[Opening Available data section]

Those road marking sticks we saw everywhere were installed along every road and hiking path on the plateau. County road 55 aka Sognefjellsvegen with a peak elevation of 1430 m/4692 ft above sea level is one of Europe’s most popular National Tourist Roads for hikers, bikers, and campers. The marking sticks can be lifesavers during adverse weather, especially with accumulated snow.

[Closing Available data section]
[Opening Available data section]

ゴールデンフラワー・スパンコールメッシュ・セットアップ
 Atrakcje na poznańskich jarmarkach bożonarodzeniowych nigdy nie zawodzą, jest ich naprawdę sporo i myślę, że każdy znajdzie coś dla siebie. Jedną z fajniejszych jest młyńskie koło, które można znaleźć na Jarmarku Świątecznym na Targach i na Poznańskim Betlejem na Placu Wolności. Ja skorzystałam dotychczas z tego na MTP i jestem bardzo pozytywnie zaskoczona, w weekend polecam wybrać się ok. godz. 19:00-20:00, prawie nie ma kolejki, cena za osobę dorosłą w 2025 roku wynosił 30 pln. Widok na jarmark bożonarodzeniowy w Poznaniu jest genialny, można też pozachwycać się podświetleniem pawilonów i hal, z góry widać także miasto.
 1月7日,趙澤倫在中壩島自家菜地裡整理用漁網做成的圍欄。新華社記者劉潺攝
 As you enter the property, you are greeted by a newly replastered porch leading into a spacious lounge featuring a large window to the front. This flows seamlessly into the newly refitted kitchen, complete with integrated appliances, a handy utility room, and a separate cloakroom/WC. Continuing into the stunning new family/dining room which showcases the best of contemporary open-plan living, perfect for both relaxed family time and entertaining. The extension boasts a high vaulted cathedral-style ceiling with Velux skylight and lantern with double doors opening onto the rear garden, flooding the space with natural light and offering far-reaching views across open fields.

[Closing Available data section]

# Instructions for the task
Each line above that contains the word "with" should be returned.

# Response to the task
Those road marking sticks we saw everywhere were installed along every road and hiking path on the plateau. County road 55 aka Sognefjellsvegen with a peak elevation of 1430 m/4692 ft above sea level is one of Europe’s most popular National Tourist Roads for hikers, bikers, and campers. The marking sticks can be lifesavers during adverse weather, especially with accumulated snow.
 As you enter the property, you are greeted by a newly replastered porch leading into a spacious lounge featuring a large window to the front. This flows seamlessly into the newly refitted kitchen, complete with integrated appliances, a handy utility room, and a separate cloakroom/WC. Continuing into the stunning new family/dining room which showcases the best of contemporary open-plan living, perfect for both relaxed family time and entertaining. The extension boasts a high vaulted cathedral-style ceiling with Velux skylight and lantern with double doors opening onto the rear garden, flooding the space with natural light and offering far-reaching views across open fields.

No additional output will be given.